HPC PACK 2016 Update 2 will not start after server reboot RRS feed

  • Question

  • I have installed Server 2016 on a VM Workstation 15.0

    MS Patched

    Installed HPC Pack 2016 Update2

    All looks good. Can connect tothe HPC server using the HPC Cluster Manager.

    All HPC services are running.

    All installations completed as Administrator. Followed steps on Microsoft installing HPC site

    Reboot the Server and the HPC services do not start. Cannot start them manually.

    When try to connect using HPC Cluster Manager get the following alert:

    The connection to the scheduler service failed. detail error: System.AggregateException: One or more errors occurred. ---> Microsoft.Hpc.RetryCountExhaustException: Retry Count of RetryManager is exhausted. ---> System.Net.Http.HttpRequestException: Response status code does not indicate success: 404 (Not Found).

    Have googled this error, but not found. Can anybody advise on this please?

    Have tried recreating the VM many times with slightly different configuration. All results are the same. After a reboot, the HPC services do not start.

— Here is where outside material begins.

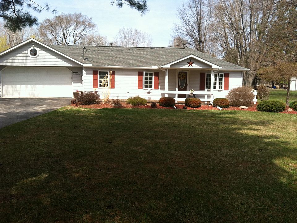 Charming inside & out! Lovingly updated & maintained to perfection, this 3 bedroom ranch sits on 1.06 acres and has an oversized 2 1/2 car garage with built in shelves PLUS an additional 24x24 heated garage with 220 & AC. Extensive updates include: roofing on house(new last summer) and extra garage (2012), furnace, AC, Anderson windows, insulation, eat-in kitchen with maple cabinets, new plumbing and electrical, septic tank & field, tiled yard to newly tiled ditches, asphalt drive, 6 panel doors, front & back decks, koi pond with waterfall, hot tub. A must see!

    Tuesday, November 6, 2018 10:31 AM

All replies

  • Can you check the service log to see why the service do not start? 

    the logs located under %CCP_DATA%LogFiles\ServiceName\*.bin

    You can use %CCP_HOME%BIN\LogParser.exe to parse the bin log to plain text

    Qiufang Shi

    Tuesday, November 6, 2018 8:44 PM
  • Hi Qiufang Shi,

    Thank you for this suggestion. I have parsed the contents of all LogFiles, but there is nothing there to indicate why they have not started. the last entries are from just after installing the HPC 2016 Pack2 just before the server was restarted. Its almost as if the services were not even tried to be started.

    I have verified all HPC services are set to start Automatically. When restarted, the Eventviewer has errors for each HPC service similar to:

    "A timeout was reached (30000 milliseconds) while waiting for the HpcSdm service to connect."

    Followed shortly after with:

    "The HpcSdm service failed to start due to the following error: 
    The service did not respond to the start or control request in a timely fashion."

    There is nothing in the Security log to indicate a Service does not have permission to run.

    Has anybody tried installing Server 2016 on a VM Workstation 15.0, then adding the HPC Pack 2016 update2?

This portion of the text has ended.